The widow of the late Yasser Arafat has said the resistance leader sacrificed their marriage and a relationship with the couple's only daughter for the Palestinian cause.
In a rare interview with CNN, Suha Arafat shed light on the difficulties of being married to a man she described as the "Nelson Mandela of the Arab world", and said he pushed her away to focus on achieving an independent state.
"Everyone was saying: 'She left him'," Mrs Arafat told CNN's Connect the World show. "I had to leave because he obliged me to leave him because he said: 'I am becoming the new revolutionary again'." He paid for the cause, she said, "with his life". "He did not see his daughter. He told us to go out because he did not want us to stay in Palestine."
Educated in a Catholic convent near Jerusalem and later at the Sorbonne in Paris, the blonde-haired Christian Arab was an unlikely match for the hardened resistance leader, whom she met in Paris through her work for the exiled Palestine Liberation Organisation, which he led.
The couple married secretly – she was just 27, and he was 61 – in 1990 and had a daughter, Zahwa, five years later.
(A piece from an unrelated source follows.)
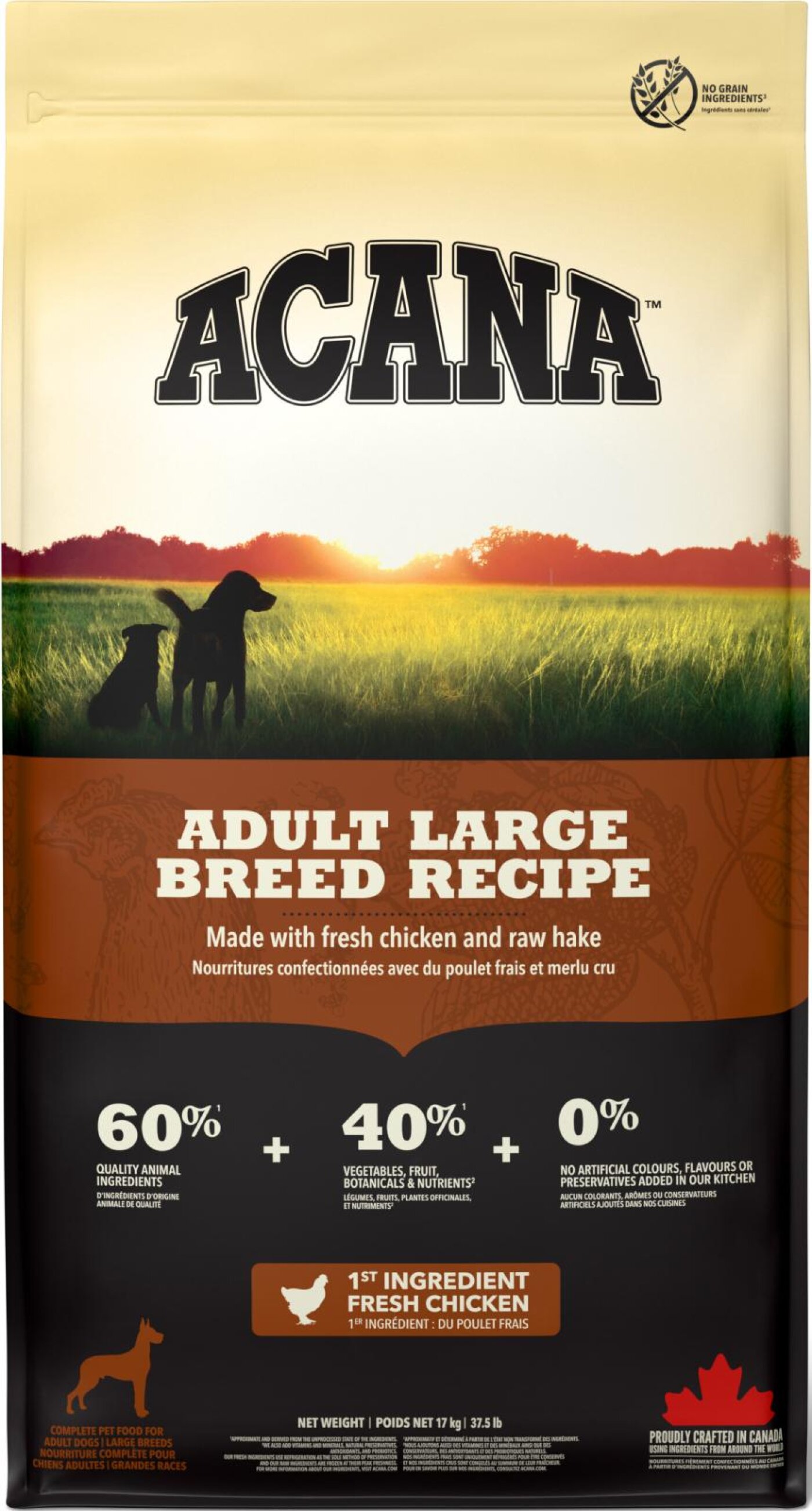 ACANA™ Adult Large Breed Dog Recipe tørfoder er lavet med proteinrige animalske ingredienser, herunder fersk kylling, rå kulmule og frugt og grøntsager, som din hund har brug for til at forblive glad, sund og stærk. Disse kibbles hjælper med at fremme mager muskelmasse, minimerer stress på knogler og led samt understøtter sund hud og pels. De indeholder kun kvalitetsingredienser og ingen korn, kunstige smagsstoffer, farver eller konserveringsmidler.

She was never at ease in what she described as the "man's world" of Palestinian politics. "It was very closed," she once said, "like a family with a lot of intermarriages, and, well, you know the result of that."
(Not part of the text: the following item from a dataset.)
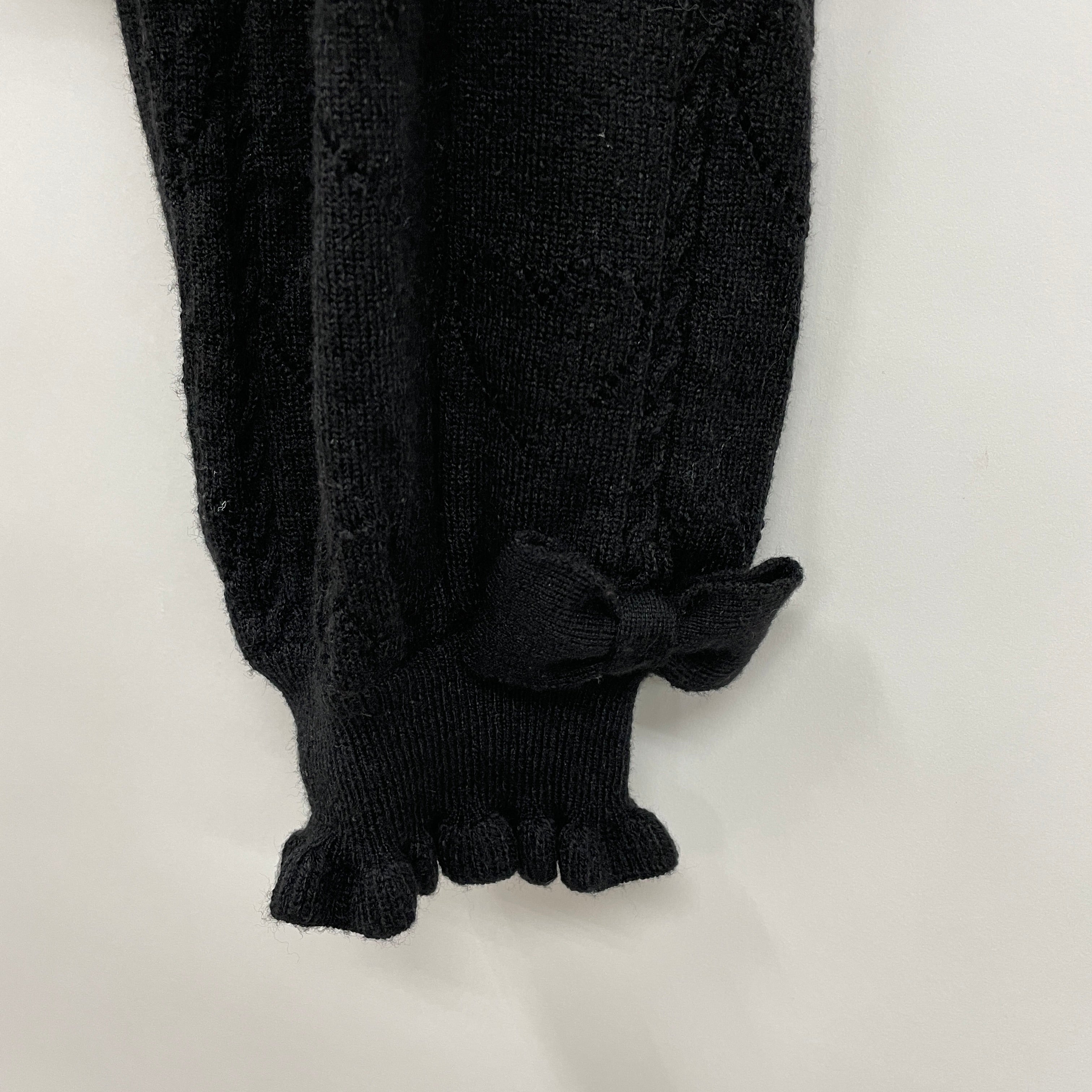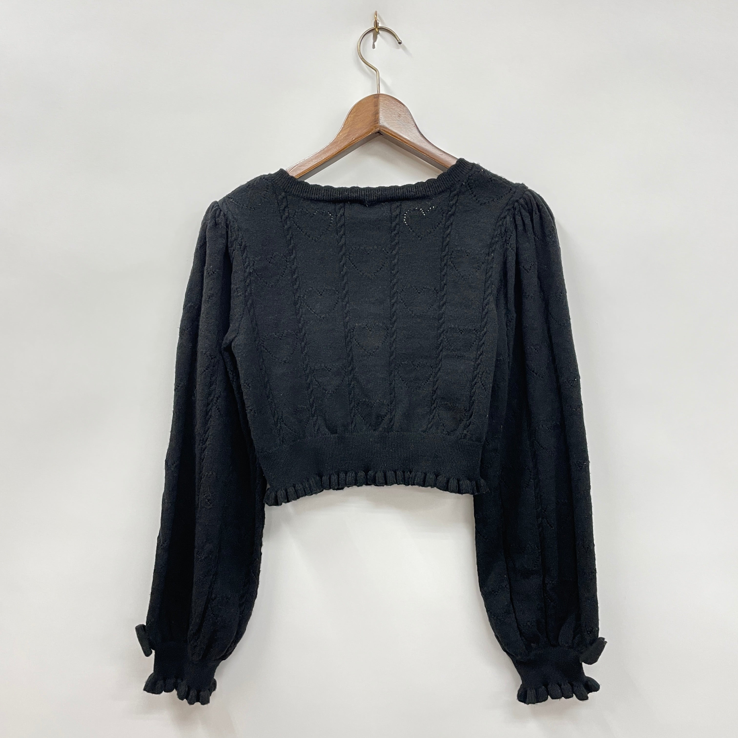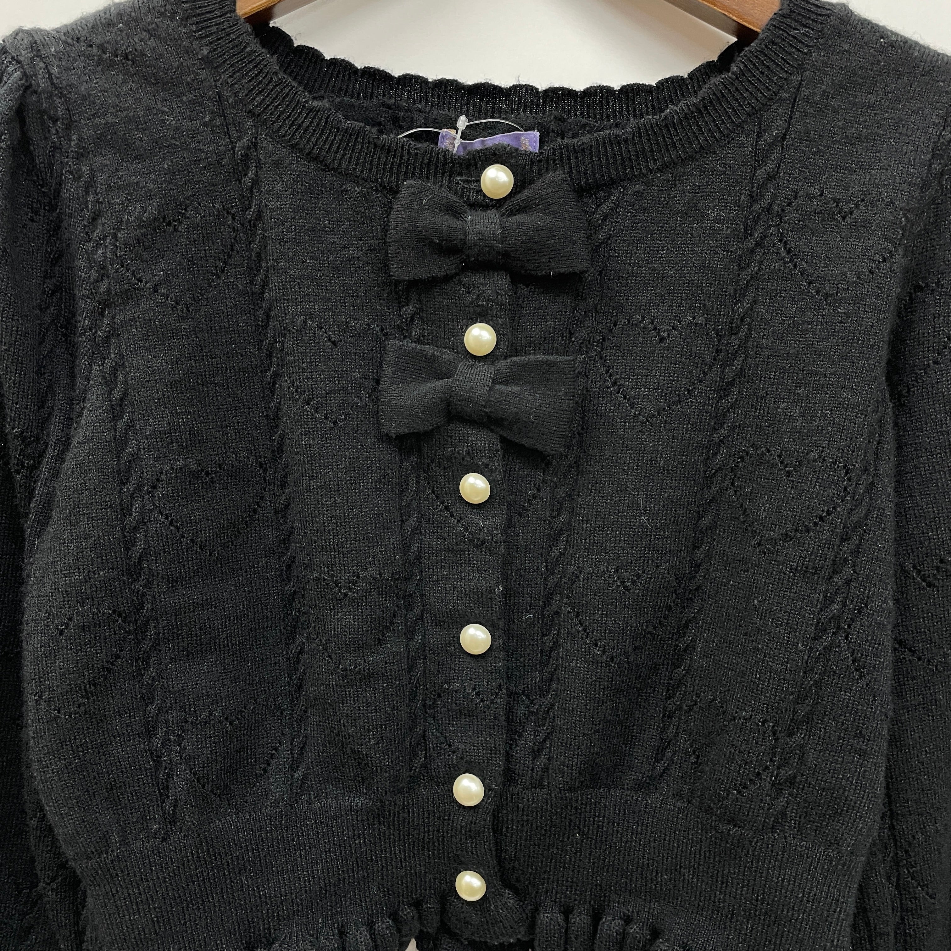 シンプル目で合わせやすくも、さりげないハートの透かし柄やニットのリボンが衿元や手首にあしらわれた可愛い万能カーデです。

After Arafat became Palestinian president in 1994, she lived for a few years in the Palestinian territories before leaving for Paris, where she waited out the Second Intifada, the Palestinian uprising that began in 2000. Yasser Arafat died in Paris in November 2004.
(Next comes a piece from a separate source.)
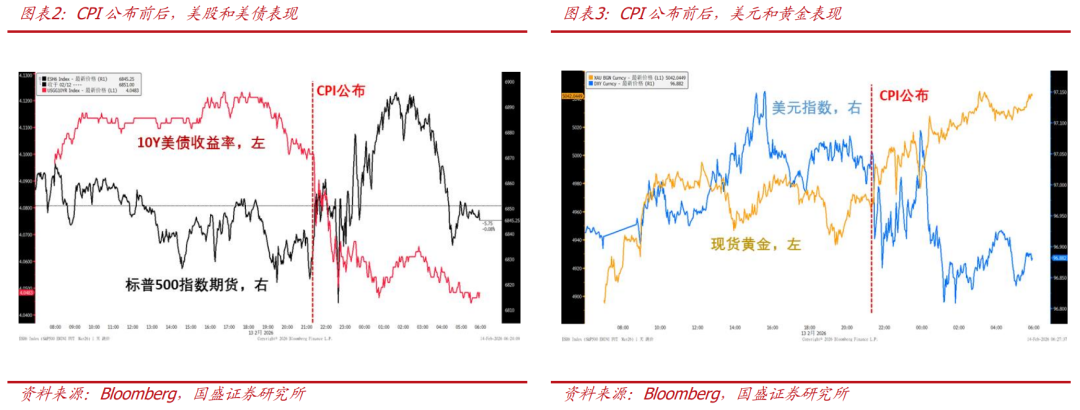 大类资产表现:1)非农公布后,美股、美债收益率、美元指数先涨后跌,黄金先跌后涨。截至02/12收盘,标普500、纳斯达克、道琼斯指数分别跌0.00%、0.16%、0.13%,10Y美债收益率上行2.77bp至4.17%,美元指数涨0.06%至96.92,现货黄金上涨1.22%至5082.86美元/盎司;2)CPI公布后,美股先上行后回调,美债收益率、美元指数下行,黄金上涨。截至02/14收盘,标普500、纳斯达克、道琼斯指数分别+0.05%、-0.22%、+0.10%,10Y美债收益率下行4.79bp至4.05%,美元指数跌0.05%至96.86,现货黄金上涨2.41%至5042.81美元/盎司。

Mrs Arafat wants to continue her husband's legacy, arguing that he was a freedom fighter with a conscience. "I have been saying that maybe after Zahwa gets married... I might go into politics because Yasser Arafat has to have a continuity," she said. "I see the Arab spring, and how the people are getting rid of their leaders... yet still now the people cry for the loss of Arafat, the democracy that Arafat brought." But it remains far from clear if her political ambitions will be welcomed by those she would want to represent. She remains a divisive figure in Palestinian circles, reviled for her efforts to break up the coterie that surrounded her spouse, and accused of stealing public money to support a lavish lifestyle, corruption allegations that also tarnished the legacy of her husband.
Lately, she has also come under scrutiny for her once-close ties to the wife of the ousted Tunisian dictator. Her Tunisian citizenship was revoked in 2007 following an alleged spat with First Lady Leila Ben Ali, loathed by many Tunisians as a symbol of the ruling family's excesses. Mrs Arafat has since been accused of corruption by the Tunisian authorities, and an international warrant has been issued for her arrest.
But it is her reputation during her husband's final days that Mrs Arafat most wants to shed. She drew ire for her efforts to keep his closest advisers away from his deathbed, accusing them of trying to "bury Arafat while he is still alive", and opened herself to ridicule with her efforts to appoint a successor as Arafat lay dying. "After the [Second] Intifada, Yasser and myself were portrayed as devils," she said. "I was portrayed as the Marie Antoinette of the Arab world."